Миру были известны разные Александры — Македонский, Невский. А это — Александр Ветвистый.
То, что он бывший футболист из команд мастеров — «Таврии», «Локомотива» и «Зенита» («Ты играл в защите?» — «В нападении!», — одергивает он меня), знают, пожалуй, все, кто хоть немного замочил ступни в биографических парадоксах современных русских литераторов. То, что он поэт, объездивший полмира, — да. То, что Ткаченко — генеральный секретарь (памятно-экзотическая для нашего слуха должность!) Русского ПЕН-центра и его же вице-президент, — знают, может быть, не все, но все-таки знают. Однако я, например, только что прочел книгу его прозы «Париж — мой любимый жулик» и поймал себя на ощущении, что испытал сходное удовольствие, которое когда-то настигло меня при чтении романа Габриэля Гарсиа Маркеса «Сто лет одиночества». Но и это еще не все.

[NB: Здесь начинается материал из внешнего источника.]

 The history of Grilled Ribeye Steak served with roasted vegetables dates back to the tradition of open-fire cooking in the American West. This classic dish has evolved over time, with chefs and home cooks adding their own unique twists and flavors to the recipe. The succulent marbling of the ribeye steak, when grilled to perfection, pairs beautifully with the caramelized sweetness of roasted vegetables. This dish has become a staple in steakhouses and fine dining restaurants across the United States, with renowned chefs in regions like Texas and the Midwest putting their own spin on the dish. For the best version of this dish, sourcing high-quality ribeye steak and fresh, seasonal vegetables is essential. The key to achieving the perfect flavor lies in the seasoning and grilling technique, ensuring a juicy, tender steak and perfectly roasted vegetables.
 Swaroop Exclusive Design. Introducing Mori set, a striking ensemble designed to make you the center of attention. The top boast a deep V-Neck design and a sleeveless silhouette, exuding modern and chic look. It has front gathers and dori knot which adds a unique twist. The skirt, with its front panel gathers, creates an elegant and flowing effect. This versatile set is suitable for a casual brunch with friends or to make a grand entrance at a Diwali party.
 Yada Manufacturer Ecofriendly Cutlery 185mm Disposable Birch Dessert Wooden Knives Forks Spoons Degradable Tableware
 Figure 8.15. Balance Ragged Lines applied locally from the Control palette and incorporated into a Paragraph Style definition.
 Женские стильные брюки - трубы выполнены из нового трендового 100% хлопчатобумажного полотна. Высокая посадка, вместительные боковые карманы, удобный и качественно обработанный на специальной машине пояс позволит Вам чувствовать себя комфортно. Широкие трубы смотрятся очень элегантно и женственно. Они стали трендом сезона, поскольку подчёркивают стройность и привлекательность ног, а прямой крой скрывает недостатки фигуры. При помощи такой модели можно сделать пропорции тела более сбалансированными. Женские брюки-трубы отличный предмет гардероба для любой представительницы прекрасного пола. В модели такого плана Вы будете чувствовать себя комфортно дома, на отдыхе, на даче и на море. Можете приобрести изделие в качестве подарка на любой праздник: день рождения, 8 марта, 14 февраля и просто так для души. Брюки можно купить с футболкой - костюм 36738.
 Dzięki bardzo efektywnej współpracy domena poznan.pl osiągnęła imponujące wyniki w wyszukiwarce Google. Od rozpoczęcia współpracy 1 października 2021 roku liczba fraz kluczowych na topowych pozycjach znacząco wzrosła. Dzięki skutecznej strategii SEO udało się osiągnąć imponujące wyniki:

Ткаченко подарил мне диск «Пляска пыли под дождем», созданный совместно с Майком Мадсеном, овладевшем секретами игры на диджериду — древнем духовом инструменте австралийских шаманов, и Робертом Амакером, барабанщиком, уроженцем Гавайских островов. «Я здесь импровизирую под музыку!», — сказал мне Александр.
Ведая, что такое стихотворные импровизации, я сначала не поверил: это довольно-таки сложно, да еще — под музыку, да еще при этом ты не должен сбиться-споткнуться… Однако послушал диск и тоже подпал под очарование какого-то нового жанра, когда поэт, разогреваемый психоделическими ритмами, вычерчивает на глазах (в данном случае — на слуху) некую образную кальку своего внутреннего состояния. Но и сам подстегивает словом музыкантов, заставляя их извлекать из окружающего бытия звуки собственного соответствия импровизациям поэта.

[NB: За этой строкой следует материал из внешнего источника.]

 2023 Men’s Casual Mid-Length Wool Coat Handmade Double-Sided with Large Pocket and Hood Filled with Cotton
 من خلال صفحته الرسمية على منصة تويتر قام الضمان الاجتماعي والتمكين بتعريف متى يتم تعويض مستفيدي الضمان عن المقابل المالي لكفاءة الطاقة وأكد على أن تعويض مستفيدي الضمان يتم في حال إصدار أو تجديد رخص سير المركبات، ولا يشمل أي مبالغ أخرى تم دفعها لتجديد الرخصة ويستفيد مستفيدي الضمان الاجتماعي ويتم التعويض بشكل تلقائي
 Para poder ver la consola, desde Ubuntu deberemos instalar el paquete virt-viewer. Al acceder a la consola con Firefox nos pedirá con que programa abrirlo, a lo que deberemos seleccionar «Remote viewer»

Слово «чиновник», наверное, его обидело бы. Ткаченко мог бы им быть — по сути, какой-то частью своего нынешнего существования номинально он им и является, но я убеждался не раз: он и здесь разветвляется в непредсказуемую сторону. Вот звонит во время нашей беседы телефон, Александр снимает трубку, начинает что-то объяснять, увлекается и уже он замагнетизирован аурой разговора с незнакомым человеком. Когда-то я попросил Ткаченко написать рекомендацию в Союз писателей абсолютно ему неведомому автору — нынешнему пермскому мастеру поэзии Владиславу Дрожащих. Александру Ветвистому достаточно было глянуть на стихи — и он тут же засел за рекомендацию. Реакция футболиста. Да и названия книг Ткаченко — как удары коротким мечом, или удары по мячу с ходу: «Облом», «Футболь», «Избрань»…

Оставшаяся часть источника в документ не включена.